Feed labeled “organic” must meet very specific requirements. Organic plants are required to be grown with natural fertilizers and without pesticides or hormones, among other things. Livestock that is organic must be fed organic feed and not be given animal byproducts, antibiotics or hormones.
Genetically modified organisms (GMO) have had their DNA altered to increase resistance to herbicides, improve nutritional content, or a variety of other reasons. Most GMO foods are plants such as corn, canola or soybean. Non-GMO feed is made by grains that have not been genetically altered, but may have been treated with pesticides.
Non-GMO Feed is not necessarily organic, but organic feed is always non-GMO.
Q: What do you recommend as a horse treat?
My first response to this question was none… but then I reflected on my own experiences and yes, I have fed horses treats—just not commercial ones. There is an advantage to offering a treat; there is a bonding factor as well as the benefit of a reward for some training response. Of course, there is that feel good sensation.
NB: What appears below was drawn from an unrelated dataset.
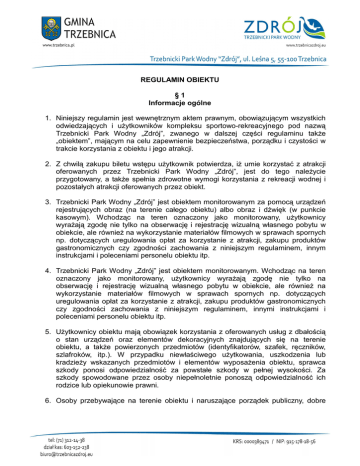 REGULAMIN OBIEKTU §1 Informacje ogólne 1. Niniejszy regulamin jest wewnętrznym aktem prawnym, obowiązującym wszystkich odwiedzających i uŜytkowników kompleksu sportowo-rekreacyjnego pod nazwą Trzebnicki Park Wodny „Zdrój”, zwanego w dalszej części regulaminu takŜe „obiektem”, mającym na celu zapewnienie bezpieczeństwa, porządku i czystości w trakcie korzystania z obiektu i jego atrakcji. 2. Z chwilą zakupu biletu wstępu uŜytkownik potwierdza, iŜ umie korzystać z atrakcji oferowanych przez Trzebnicki Park Wodny „Zdrój”, jest do tego naleŜycie przygotowany, a takŜe spełnia zdrowotne wymogi korzystania z rekreacji wodnej i pozostałych atrakcji oferowanych przez obiekt. 3. Trzebnicki Park Wodny „Zdrój” jest obiektem monitorowanym za pomocą urządzeń rejestrujących obraz (na terenie całego obiektu) albo obraz i dźwięk (w punkcie kasowym). Wchodząc na teren oznaczony jako monitorowany, uŜytkownicy wyraŜają zgodę nie tylko na obserwację i rejestrację wizualną własnego pobytu w obiekcie, ale równieŜ na wykorzystanie materiałów filmowych w sprawach spornych np. dotyczących uregulowania opłat za korzystanie z atrakcji, zakupu produktów gastronomicznych czy zgodności zachowania z niniejszym regulaminem, innym instrukcjami i poleceniami personelu obiektu itp. 4. Trzebnicki Park Wodny „Zdrój” jest obiektem monitorowanym. Wchodząc na teren oznaczony jako monitorowany, uŜytkownicy wyraŜają zgodę nie tylko na obserwację i rejestrację wizualną własnego pobytu w obiekcie, ale równieŜ na wykorzystanie materiałów filmowych w sprawach spornych np. dotyczących uregulowania opłat za korzystanie z atrakcji, zakupu produktów gastronomicznych czy zgodności zachowania z niniejszym regulaminem, innymi instrukcjami i poleceniami personelu obiektu itp. 5. UŜytkownicy obiektu mają obowiązek korzystania z oferowanych usług z dbałością o stan urządzeń oraz elementów dekoracyjnych znajdujących się na terenie obiektu, a takŜe powierzonych przedmiotów (identyfikatorów, szafek, ręczników, szlafroków, itp.). W przypadku niewłaściwego uŜytkowania, uszkodzenia lub kradzieŜy wskazanych przedmiotów i elementów wyposaŜenia obiektu, sprawca szkody ponosi odpowiedzialność za powstałe szkody w pełnej wysokości. Za szkody spowodowane przez osoby niepełnoletnie ponoszą odpowiedzialność ich rodzice lub opiekunowie prawni. 6. Osoby przebywające na terenie obiektu i naruszające porządek publiczny, dobre obyczaje lub stwarzające zagroŜenie dla siebie lub innych, a takŜe nie stosujące się do postanowień niniejszego regulaminu, zarządzeń i instrukcji obowiązujących w obiekcie oraz poleceń obsługi obiektu mogą zostać usunięte z obiektu bez prawa zwrotu kosztów zakupu biletu wstępu, niezaleŜnie od podjęcia innych działań przewidzianych prawem. 7. Korzystanie z przebieralni obiektu oraz szafek ubraniowych jest obowiązkowe. Ze względu na monitoring pomieszczeń przebieralni, naleŜy przebierać się w kabinach do tego przeznaczonych. 8. Administracja Trzebnickiego Parku Wodnego "Zdrój" zaleca nie wnoszenie na teren obiektu znacznej ilości gotówki, więcej niŜ jednej karty płatniczej, biŜuterii lub innych wartościowych przedmiotów. UŜytkownicy obiektu mają obowiązek, na czas korzystania z obiektu, przechowywania w szafkach depozytowych zlokalizowanych przy punkcie kasowym wniesionych ze sobą pieniędzy, kart płatniczych, biŜuterii lub innych wartościowych przedmiotów. Nie przyjmuje się do przechowania w szafkach depozytowych znacznej ilości gotówki, duŜej ilości biŜuterii, urządzeń takich jak laptop, palmtop, notebook, konsola do gier, odtwarzacz plików audio i video, aparat fotograficznych oraz kamera video. 9. Przed opuszczeniem obiektu, uŜytkownicy są zobowiązani do pozostawienia otwartych szafek ubraniowych, z których korzystali. 10. Przedmioty znalezione na terenie Trzebnickiego Parku Wodnego „Zdrój” naleŜy przekazać obsłudze obiektu. Na Ŝądanie znalazcy, kierownik zmiany kasjerskiej moŜe wydać potwierdzenie przekazania znalezionego mienia. Trzebnicki Park Wodny „Zdrój” zadysponuje znalezionymi przedmiotami zgodnie z właściwymi przepisami prawa. 11. Ze względów bezpieczeństwa nie naleŜy pozostawiać toreb, plecaków, a takŜe innych przedmiotów, których zawartości i właściwości nie moŜna naocznie rozpoznać poza miejscami do tego wyznaczonymi (szafkami ubraniowymi, półkami itp.). W przypadku zaistnienia takiej konieczności, personel obiektu lub wezwane słuŜby mają prawo przeprowadzić sprawdzenie zawartości i właściwości pozostawionych przedmiotów pod kątem ewentualnego zagroŜenia dla bezpieczeństwa innych uŜytkowników i samego obiektu. 12. Pracownikom obiektu względem uŜytkowników przysługuje tzw. prawo gospodarza obiektu. Zarząd Trzebnickiego Parku Wodnego „Zdrój” jest uprawniony do wydania trwałego lub tymczasowego zakazu korzystania z usług obiektu osobom, które notorycznie postępują wbrew postanowieniom regulaminu, zarządzeniom oraz instrukcjom obowiązującym w obiekcie lub w sposób raŜący łamią zasady współŜycia społecznego. 13. Kierownictwo Trzebnickiego Parku Wodnego „Zdrój” moŜe ograniczyć całkowicie lub częściowo moŜliwość korzystania z obiektu ze względów bezpieczeństwa, technicznych, w przypadku przepełnienia kompleksu lub w razie innej pilnej potrzeby czy nadzwyczajnej sytuacji. 14. NiezaleŜnie od przestrzegania zasad niniejszego regulaminu oraz dyspozycji, nakazów i zakazów umieszczonych na tablicach wewnątrz obiektu oraz w zarządzeniach i instrukcjach obowiązujących w obiekcie uŜytkownicy są obowiązani bezwzględnie podporządkować się poleceniom obsługi obiektu, w szczególności poleceniom słuŜb ratowniczych. 15. Na terenie obiektu obowiązuje bezwzględny zakaz przebywania w miejscach wyłączonych z ogólnego dostępu. 16. Zabrania się prowadze

When I was a kid, peppermint candy—particularly leftovers from Christmas—were used as a treat for the horses. I worked with a horse named Jody Grey during my youth who would reach into my coat’s kangaroo pocket looking for that peppermint candy when I arrived at the barn. I must admit it was fun (though at times a nuisance because he never gave up). Another good treat experience was during my packing/wild horse tracking research and outreach programs at the university; I used my lunch leftovers of orange peels and apple cores as a treat for the horses that I rode.
Bottom line: I wouldn’t spend the money on commercial treats. Cut orange peels into half dollar size or share an apple.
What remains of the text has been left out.